The agent recognizes a scheduled fire by the X-Forge-Schedule-Id
request header. Middleware reads it at the A2A boundary and stashes
it in ctx alongside the existing workflow / tenancy context. The
runner emits schedule_fire itself before dispatching, then the
normal session_start → llm_call → invocation_complete chain runs,
capped with schedule_complete. Same audit shape as today; the
cluster is just the remote ticker.

RBAC

In the KubernetesBackend at runtime the agent's ServiceAccount needs:

- apiGroups: ["batch"]
  resources: ["cronjobs"]
  verbs:
    - get          # always
    - list         # always (powers schedule_list tool)
    - create       # only when allow_dynamic: true
    - patch        # only when allow_dynamic: true
    - delete       # only when allow_dynamic: true OR a yaml schedule was removed

forge package emits a Role + RoleBinding scoped to the agent's
own namespace with the minimum verbs based on
scheduler.kubernetes.allow_dynamic. Default false → get,
list only.

Granting create/delete is a meaningful privilege escalation —
essentially "let the LLM schedule arbitrary HTTP calls back to me"
when allow_dynamic: true. Document loudly.

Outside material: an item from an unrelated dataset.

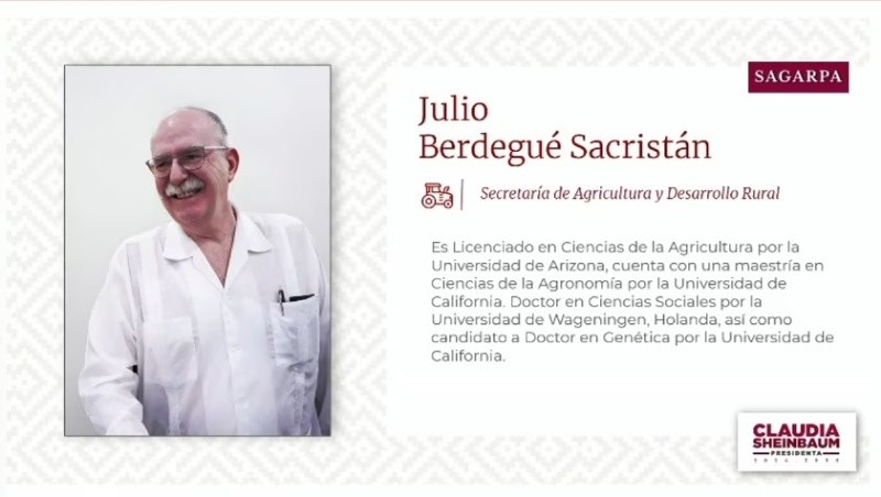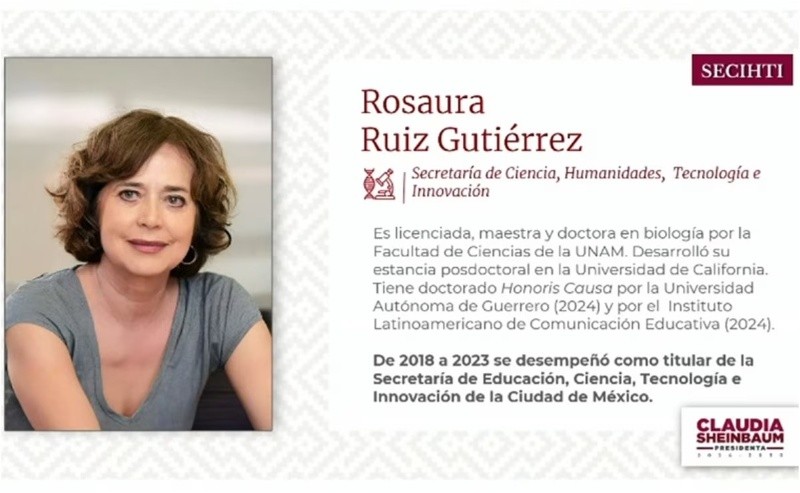 La virtual presidenta electa, Claudia Sheinbaum, presentó este jueves 20 de junio a los primeros seis integrantes de su gabinete presidencial para el periodo 2024-2030, tres hombres y tres mujeres entre los que se encuentran: Marcelo Ebrard, Rosaura Ruiz Gutiérrez, Juan Ramón de la Fuente Ramírez, Alicia Bárcena Ibarra, Julio Berdegué Sacristán y Ernestina Godoy Ramos. "Son mujeres y hombres de primera, me siento muy honrada de que hayan aceptado ser parte del segundo piso de la Cuarta Transformación", dijo Claudia Sheinbaum al anunciar que el próximo jueves presentará otros perfiles. El 1 de diciembre de 2018 asumió el cargo de Secretario de Relaciones Exteriores, con el presidente Andrés Manuel López Obrador. Durante 2009 presidió el Consejo Mundial de Alcaldes para la Acción Climática debido a su interés en los asuntos del cambio climático en su administración como Jefe de Gobierno.En 2006 asumió el cargo de jefe de Gobierno del Distrito Federal.De 2005 a 2006 se desempeñó como secretario de Desarrollo Social del Gobierno local del entonces Distrito Federal.Secretario de Seguridad Pública en la administración de Gobierno del Distrito Federal de López Obrador, de 2002 a 2004.En 1997 fue electo diputado federal de la LVII legislatura (1997-2000) por primera mayoría opositora al partido gobernante.Secretario General de Gobierno en 1992, durante la administración del entonces regente del Distrito Federal, Manuel Camacho Solís. Es una bióloga, catedrática, investigadora, académica y política mexicana. En 2018 y hasta 2023 ocupó el cargo de titular de la Secretaría de Educación, Ciencia, Tecnología e Innovación de la Ciudad de México, en el gabinete de la exjefa de gobierno, Claudia Sheinbaum. Ruiz Gutiérrez obtuvo su licenciatura, maestría y doctorado en Biología en la Facultad de Ciencias de la Universidad Nacional Autónoma de México (UNAM). Realizó una estancia posdoctoral en la Universidad de California (Irvine). Ha sido profesora invitada en la Universidad de California, así como en la Universidad del País Vasco.De 2010 a 2017 fue directora de la Facultad de Ciencias de la UNAM.De 2004 a 2010 fue secretaria de desarrollo institucional de la UNAM.De 2005 a 2010 ocupó el cargo como secretaria ejecutiva del Espacio Común de Educación Superior de México (ECOES).De 2008 a 2010 fue presidenta de la Academia Mexicana de Ciencias (AMC).Desde 2009 es asesora experta de la Organización de Estados Iberoamericanos (OEI) sobre educación y ciencia.De 2000 a 2004 fue directora general de Estudios de Posgrado de la UNAM.De 1989 a 1991 fue Coordinadora del Posgrado de Biología, en la Facultad de Ciencias.Es coautora de diversas publicaciones. Juan Ramón de la Fuente fue recientemente designado por Sheinbaum como encargado de coordinación del equipo de transición de gobierno.Es médico cirujano especializado en psiquiatría, profesor, escritor, investigador, diplomático y político mexicano.Fue representante de México ante la ONU en el sexenio de Andrés Manuel López Obrador, hasta 2023.En el sexenio del expresidente Ernesto Zedillo se convirtió en el secretario de Salud, hasta que presentó su renuncia y asumió la rectoría de la Universidad Nacional Autónoma de México (UNAM) desde 1999 y hasta 2007. Es licenciada en Biología y tiene estudios de Maestría en Ecología por la UNAM. Cuenta con una Maestría en Administración Pública por Harvard. Tiene 3 Doctorados Honoris Causa por la Universidad de Oslo, la Universidad de La Habana y la UNAM.Desde el 3 de julio de 2023, y hasta el 30 de septiembre de 2024, se desempeña como secretaria de Relaciones Exteriores en el gobierno del presidente Andrés Manuel López Obrador. Es licenciado en Ciencias de la Agricultura por la Universidad de Arizona, cuenta con una maestría en Ciencias de la Agronomía por la Universidad de California.Doctor en Ciencias Sociales por la Universidad de Wageningen, Holanda, así como candidato a Doctor en Genética por la Universidad de California. Es abogada por la Facultad de Derecho de la Universidad Nacional Autónoma de México (UNAM).En noviembre de 2018 fue nombrada titular de la Procuraduría General de Justicia (PGJ) de la Ciudad, y al transformarse en Fiscalía General de Justicia, asumió el cargo de enero de 2020 a enero de 2024. EE

On restart — the user-described behavior

KubernetesBackend's Sync() is idempotent. On restart:

1. List all CronJobs in the namespace with label forge.agent.id=<self>.
2. For each forge.yaml entry: if CronJob exists with matching spec →
   leave. If exists with stale spec → patch. If absent → create.
3. For each existing CronJob NOT in forge.yaml AND labeled
   forge.schedule.source: yaml → delete (handles renamed/removed
   schedules).
4. CronJobs labeled forge.schedule.source: llm are left alone (the
   LLM owns those; user code shouldn't reap them on restart).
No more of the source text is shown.